- _Problem_
An exact restatement of the data is required, with the images omitted.

[Records supplied]

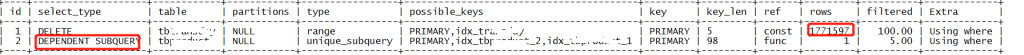 子查询的类型是DEPENDENT SUBQUERY,表示这个查询是子查询的第一个查询,外部的查询会反复去进行这个操作。即在这条语句中,外部查询结果集(数据量为1771579)的每一条结果都将执行一次子查询,进行1771597次匹配,若数据量较大的情况,即使加了索引也会使效率低下。
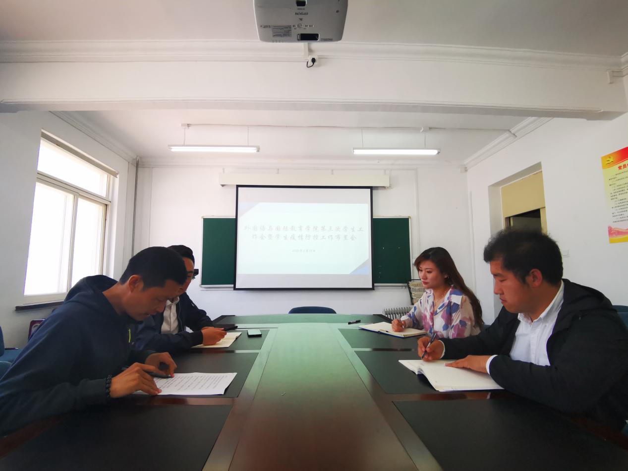 在学院206会议室召开了2020-2021学年第二学期第四次学生工作会暨学生疫情防控工作布置会。学院团委书记、全体辅导员参加会议,学院党总支副书记孙祥山主持会议。
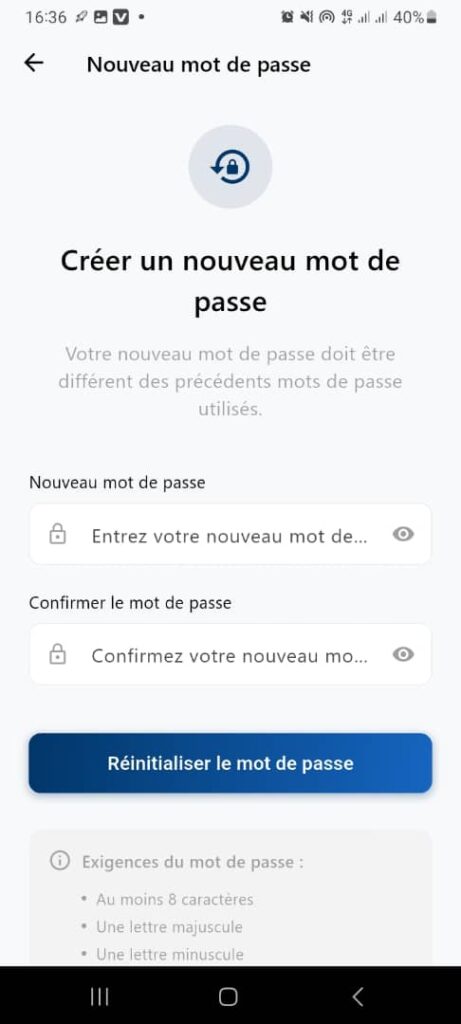 This page is used when the user needs to reset their password for security or recovery purposes.
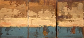 „Erde und Wasser“ / Acryl, Sand, Pigment auf Baumwollgewebe / 3 mal 40 x 60 cm / 2021
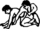开始姿势:一方跪撑, ?方在侧边把持住o进攻者右臂把腰. 左手双腿后拉对手右脚腕,向起拉,用双腿缠住对手右大腿,放 开左手,用撬腿腹部压对手屁股出背弓之力使对手躯干向左后 侧翻转,接着右手从对手右边拉下颌,向左后拉,使对手双肩朝 下翻转输分,(图157)。

[/Records supplied]

- _Answer space_
 子查询的类型是DEPENDENT SUBQUERY,表示这个查询是子查询的第一个查询,外部的查询会反复去进行这个操作。即在这条语句中,外部查询结果集(数据量为1771579)的每一条结果都将执行一次子查询,进行1771597次匹配,若数据量较大的情况,即使加了索引也会使效率低下。
 在学院206会议室召开了2020-2021学年第二学期第四次学生工作会暨学生疫情防控工作布置会。学院团委书记、全体辅导员参加会议,学院党总支副书记孙祥山主持会议。
 This page is used when the user needs to reset their password for security or recovery purposes.
 „Erde und Wasser“ / Acryl, Sand, Pigment auf Baumwollgewebe / 3 mal 40 x 60 cm / 2021
开始姿势:一方跪撑, ?方在侧边把持住o进攻者右臂把腰. 左手双腿后拉对手右脚腕,向起拉,用双腿缠住对手右大腿,放 开左手,用撬腿腹部压对手屁股出背弓之力使对手躯干向左后 侧翻转,接着右手从对手右边拉下颌,向左后拉,使对手双肩朝 下翻转输分,(图157)。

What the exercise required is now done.